Хорошо, будет с кем поболтать за обедом! Какая удача. Ему нетрудно развеять сомнения Маллара. Вскоре Мареско переводит разговор на Иоланду Рошель:

— У комиссара есть новые сведения об этой особе?

— Начнем с того, что ее настоящее имя Жанна Бодуэн.

— Я уже знаю. Меня интересует в первую очередь, как и на что она жила до встречи с пилотом «боинга». Мне кажется, в полиции это как-то упустили из виду. Берите, не стесняйтесь.

— Я вам хочу сказать, мэтр, что комиссар Жандро и его команда настолько уверены в невиновности Иоланды Рошель, что их больше интересуют Молинье и Канен. С одной стороны — бортпроводник. С другой — командир самолета. Не пахнет ли здесь наркотиками?

— Какой ужас! — шепчет старая дама.

— И даже, — продолжает Маллар, — эта группа, с которой она выступала. Они часто выезжают за границу. Надо думать, не только из-за любви к искусству. Эти «Галопэны» — их сценическое имя — довольно много зарабатывают.

— Но тогда и у Иоланды должна быть кругленькая сумма! А следствием установлено, что она жила довольно скромно.

— Здесь что-то не так! Инспектор Крюмуа думает, что Джамиля воспользовалась слишком уж большой щедростью своего любовника. Отсюда и драма! Но у этого дела есть другой аспект, которым будет заниматься сотрудник финансового отдела прокуратуры! Ему поручено выяснить, чем вызваны столь частые поездки в Женеву солиста этой группы.

— Мама, вы слушаете? — спрашивает Мареско. При посторонних он к ней обращался на «вы». — А ведь Иоланда не так уж и виновата. О ней можно сказать, что слишком ревнива, и предположить, что убила она. Сама-то она все отрицает.

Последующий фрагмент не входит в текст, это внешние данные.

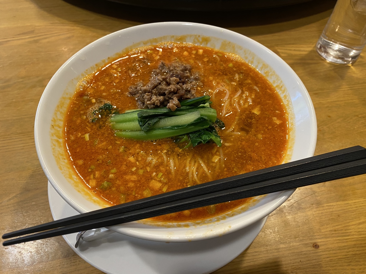 板橋区の住宅街にある謎の?中華料理の名店です。麻婆豆腐や酢豚が名物ですが、この日は一人だったので坦々麺を注文。スパイスが絶妙!こちらも絶品ですね。ライスは付かないのでストイックに麺とスープを堪能しました。汁なしより汁派ですね!

— Мсье Маллар, сможете ли вы мне объяснить, почему моего сына интересует эта потаскуха?

Маллар, чтобы разрядить обстановку:

— Так в том и состоит его долг. Долг адвоката. Если ее выпустят, вы сразу увидите, как ставка его повысится.

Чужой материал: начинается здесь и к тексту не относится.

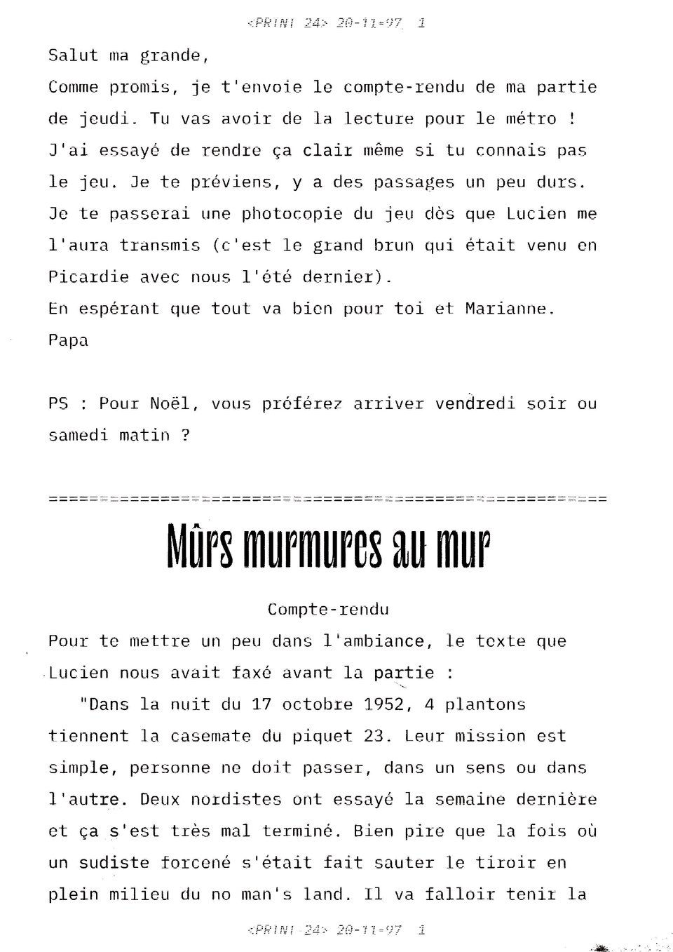 Mûrs murmures au mur – Lors de notre dernière réunion de l’OuJePo (je ne t’ai pas encore parlé de l’OuJePo ? Rassure-toi, ça viendra) nous avions pour tâche de créer un fragment faisant partie d’un jeu de rôle qui n’existe pas, histoire de voir si ça pouvait tout de même tenir debout. L’ami Marc nous a tous.tes coiffé.es avec son Mmam, faux compte-rendu d’un faux jeu tiré d’une époque révolue et n’ayant jamais tout à fait existé : il y a quelque chose de très poétique dans son petit texte, et de très ludique aussi puisqu’on a immédiatement envie d’essayer de remplir les interstices (une fois de plus) et de croire mordicus à ces mûrs murmures. Bon, la fonte n’est pas tout à fait d’époque, mais elle est si jolie qu’on lui pardonne...

— Мы же не на скачках, — едко замечает мадам Мареско.

Маллар глазами показывает Мареско, что ничего обидного не имел в виду. Но Мареско весь в своих мыслях:

— Так ли хорошо она играет на гитаре?

На этот раз Маллар говорит, выбирая слова:

— Говорят! Впрочем, легко проверить. Я достал пластинку этой группы.

— Что? — Мареско отталкивает стол, вставая. — Где она?

— В вашем кабинете. С большим трудом достал.

Мареско уже в соседней комнате. Мать встает из-за стола, даже не взглянув на гостя.

— Куда вы ее положили? — кричит адвокат.

— Иду, иду. Я ее переписал на магнитофон.

Магнитофон на стуле вместе с перчатками детектива. Маллар всегда работает в перчатках. Он крутит ручки, настраивает звук. Затем устраивается на подлокотнике кресла в позе меломана. Лицо сосредоточенное, готовое отдаться во власть музыки. Мареско хмурит брови.

— Не хотите ли мне сказать, что это треньканье и есть гитара?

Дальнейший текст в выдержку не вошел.